The vulnerability does not require any user interaction, and while it primarily impacts confidentiality, it can also enable limited integrity violations through unauthorized access to internal write operations.
Detection Methods for CVE-2026-33502
Indicators of Compromise
- Unusual outbound HTTP requests from the AVideo server to internal IP ranges (127.0.0.1, 10.0.0.0/8, 172.16.0.0/12, 192.168.0.0/16)

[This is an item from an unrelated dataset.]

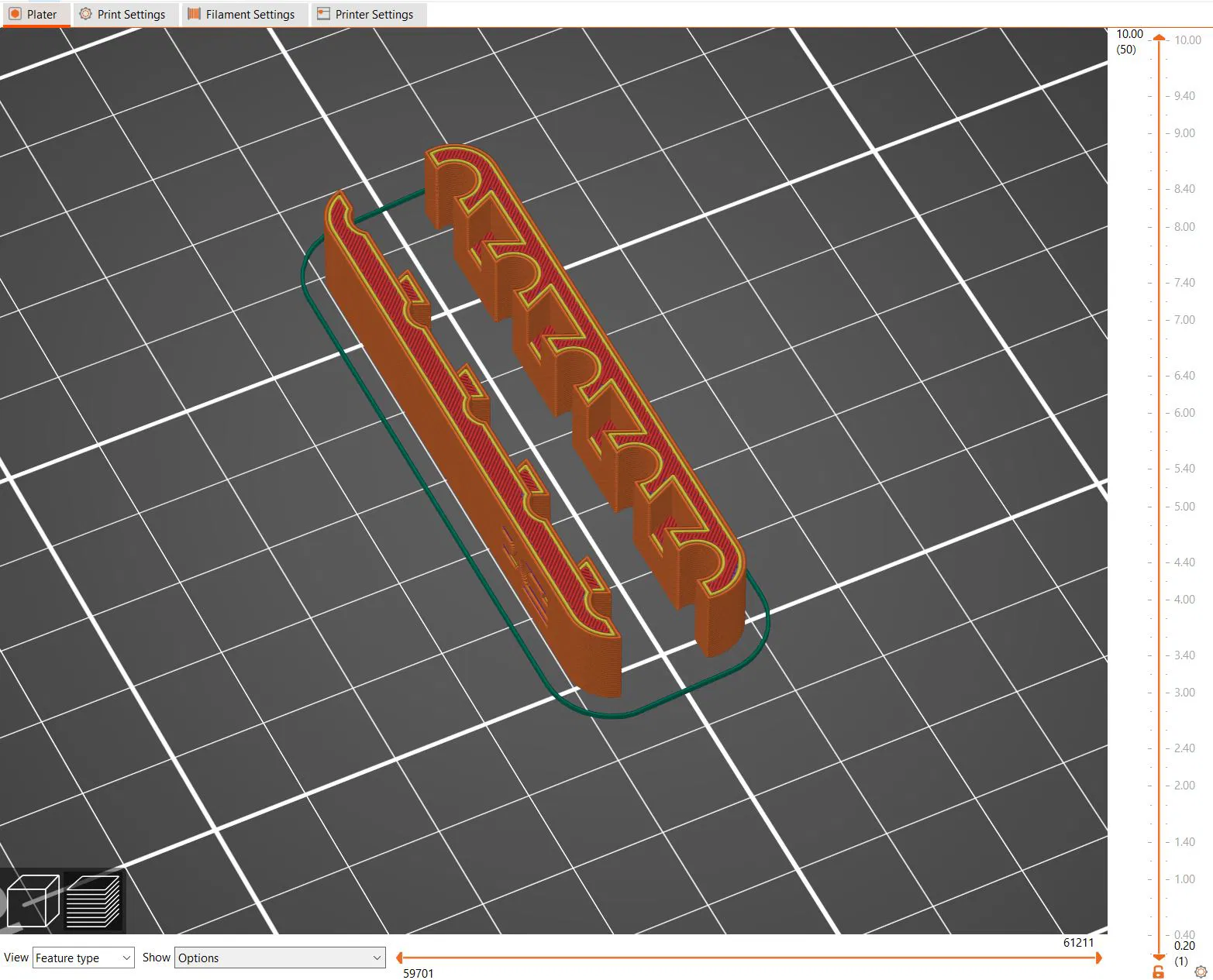 Thông số in: Dùng nhựa PLA, đầu phun 0.4mm, chiều cao lớp in 0.2mm, độ phủ 15% (kiểu Grid) và 2 tường (perimeters). Đặt hai nửa lên bàn in như hình minh họa, không cần dùng support.

- Requests to cloud metadata endpoints (169.254.169.254) originating from the web application
- High volume of requests to plugin/Live/test.php with varying URL parameters
- Web server logs showing requests containing internal hostnames or IP addresses in query parameters
Detection Strategies
- Monitor web application firewall (WAF) logs for requests to plugin/Live/test.php containing suspicious URL patterns
- Implement egress filtering to detect and block requests from web servers to cloud metadata endpoints
- Deploy network intrusion detection rules to identify SSRF patterns targeting internal resources
- Analyze AVideo application logs for anomalous request patterns to the Live plugin
Monitoring Recommendations
- Enable detailed logging on the AVideo server to capture all requests to plugin endpoints
- Configure alerts for outbound connections from the AVideo server to RFC 1918 private address ranges
- Monitor DNS queries from the web server for resolution of internal hostnames
- Implement real-time security monitoring using SentinelOne Singularity to detect exploitation attempts
How to Mitigate CVE-2026-33502
Immediate Actions Required
- Update WWBN AVideo to a version containing commit 1e6cf03e93b5a5318204b010ea28440b0d9a5ab3 or later
- Restrict access to plugin/Live/test.php if the Live plugin functionality is not required
- Implement network segmentation to limit the AVideo server's ability to reach sensitive internal resources
- Deploy WAF rules to block requests to the vulnerable endpoint containing internal IP addresses or metadata URLs
Patch Information
WWBN has released a security fix in commit 1e6cf03e93b5a5318204b010ea28440b0d9a5ab3. Organizations running affected versions should apply this patch immediately. For detailed patch information, refer to the GitHub Commit Update and the GitHub Security Advisory GHSA-3fpm-8rjr-v5mc.
Workarounds
- Block access to plugin/Live/test.php at the web server or reverse proxy level if the endpoint is not required for production functionality
- Implement network-level controls to prevent the AVideo server from initiating connections to internal networks or cloud metadata services
- Use a web application firewall to filter requests containing internal IP addresses, localhost references, or metadata endpoint URLs
- Consider running AVideo in an isolated network segment with restricted outbound connectivity
Disclaimer: This content was generated using AI. While we strive for accuracy, please verify critical information with official sources.